Maximize total tips (Memoization)

A restaurant received n orders. The two waiters A and B in the restaurant change different amount of tip, listed in A[] and B[], for an order. Given A can handle max X order and B can handle max Y order, Find out the maximum possible amount of total tips to handle all the orders.

Hint

This algorithm uses memoization to improve performance. It's same as the recursive version of Maximize total tips, but with a special 'cache' to store results. The 'cache key' is crucial. It's how we identify and store past results. Sometimes we need one key, sometimes multiple keys. We add code to:

• Initialize cache to store results.
• Using the key to check cached result. If the result is not found in the cache, do the calculation and save the result in cache.
• Return the cached result.

• Python
• Javascript
•  Run

cache = None

def count(a, b, x, y, n):
  if n == 0:
    return 0

  global cache
  if not cache:
    cache = [None] * (n + 1)

  if not cache[n]:
    if x > 0 and y > 0:
      cache[n] = max(a[n-1] + count(a, b, x-1, y, n-1), b[n-1] + count(a, b, x, y-1, n-1))

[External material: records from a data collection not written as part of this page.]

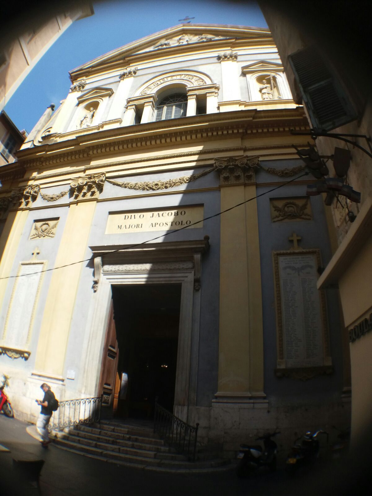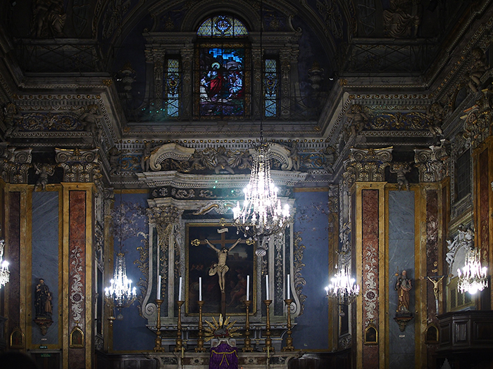 L’église San Giacomo est un autre joyau de la ville de Nice ! L'effet de le trouver en se promenant dans les ruelles du vieux Nice est magnifique. Puis l'intérieur... un spectacle. Visiter! DESCRIPTION La construction remonte au XVIIème siècle par l'architecte Jean Andrè Guibert. La façade présente des caractéristiques des styles néoclassique et baroque. L'intérieur présente une seule nef, de plan rectangulaire, de style baroque. Les principales caractéristiques de l'église sont : - le maître-autel avec l'œuvre Le Crucifix - l'arc de triomphe (la partie qui relie la nef au presbytère) où, dans l'arc, on peut voir une myriade de petits anges - la voûte du plafond avec des décorations de H. Trachel de Nice - orgue de Vergessi Bossi - fonts baptismaux : bénitier du XVIe siècle. Entrée libre.
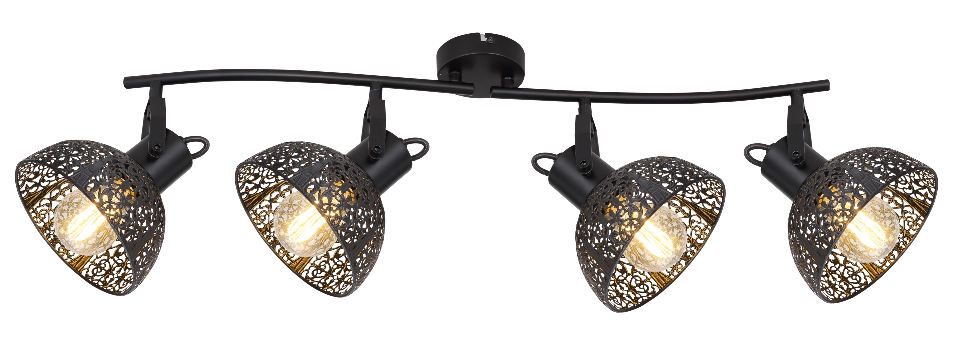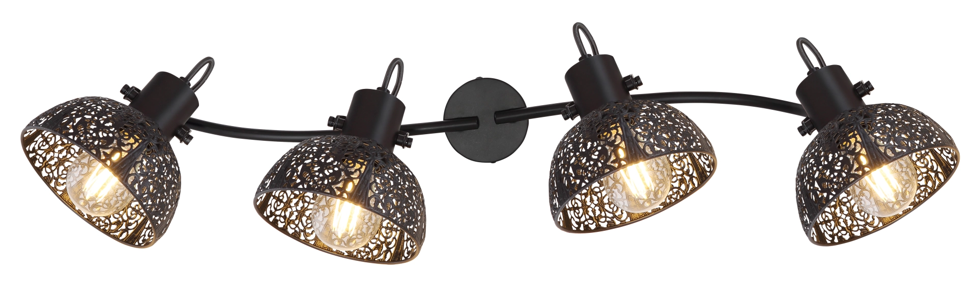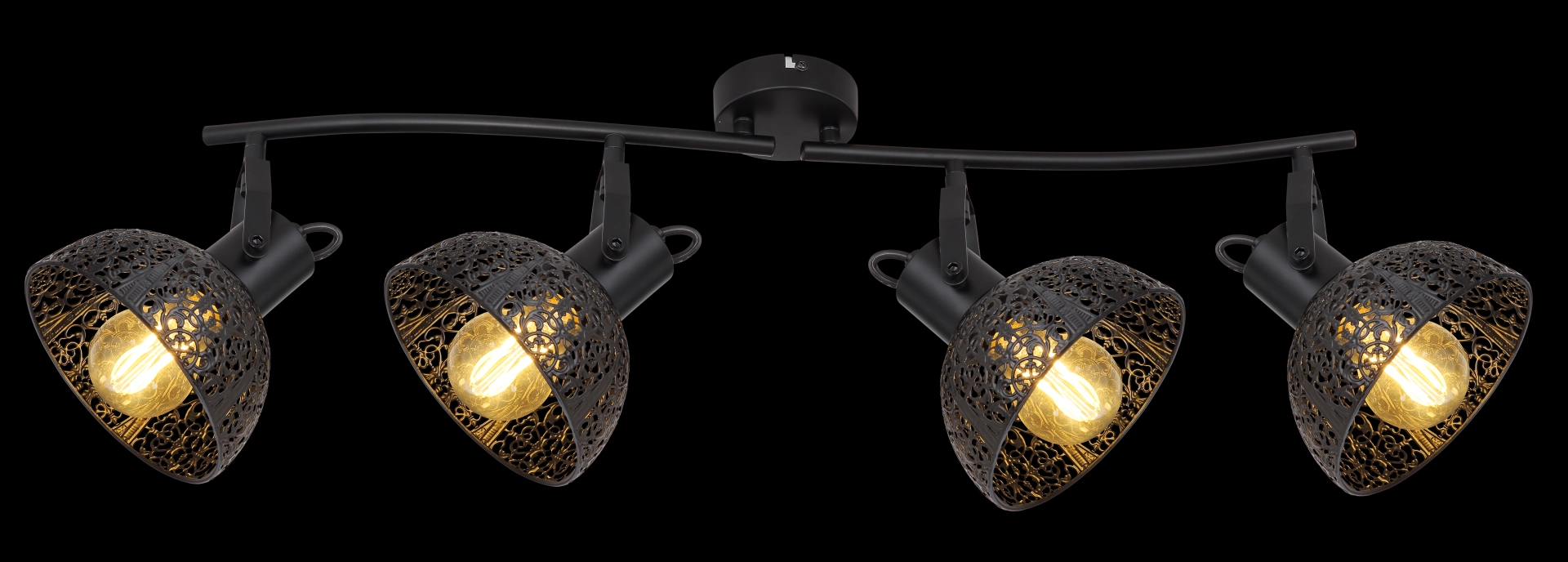 Pantalla the matt black spotlight with 4 heads casts interesting shadows and illuminates the room in an incomparable way. The design is exceptional due to the dance-outs and corresponds to the retro-romantic style.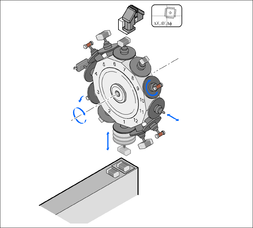 O eixo DP roda o componente centrado opticamente para a posição pretendida para a monta-

    cache[n] = b[n-1] + count(a, b, x, y-1, n-1) if (x == 0) else a[n-1] + count(a, b, x-1, y, n-1)

  return cache[n]

N = 5
A = [1, 2, 3, 4, 5]
B = [5, 4, 3, 2, 1]
X = 3
Y = 3

print(count(A, B, X, Y, N))

let cache = null;

function count(a, b, x, y, n) {
  if (n == 0) {
    return 0;
  }

  if (!cache) {
    cache = Array(n + 1);
  }

  if (cache[n] === undefined) {
    if (x > 0 && y > 0) {
      cache[n] = Math.max(a[n-1] + count(a, b, x-1, y, n-1), b[n-1] + count(a, b, x, y-1, n-1));
    }
  
    cache[n] = (x == 0) ? b[n-1] + count(a, b, x, y-1, n-1) : a[n-1] + count(a, b, x-1, y, n-1);
  }

  return cache[n];
}

const N = 5;
const A = [1, 2, 3, 4, 5];
const B = [5, 4, 3, 2, 1];
const X = 3;
const Y = 3;

console.log(count(A, B, X, Y, N));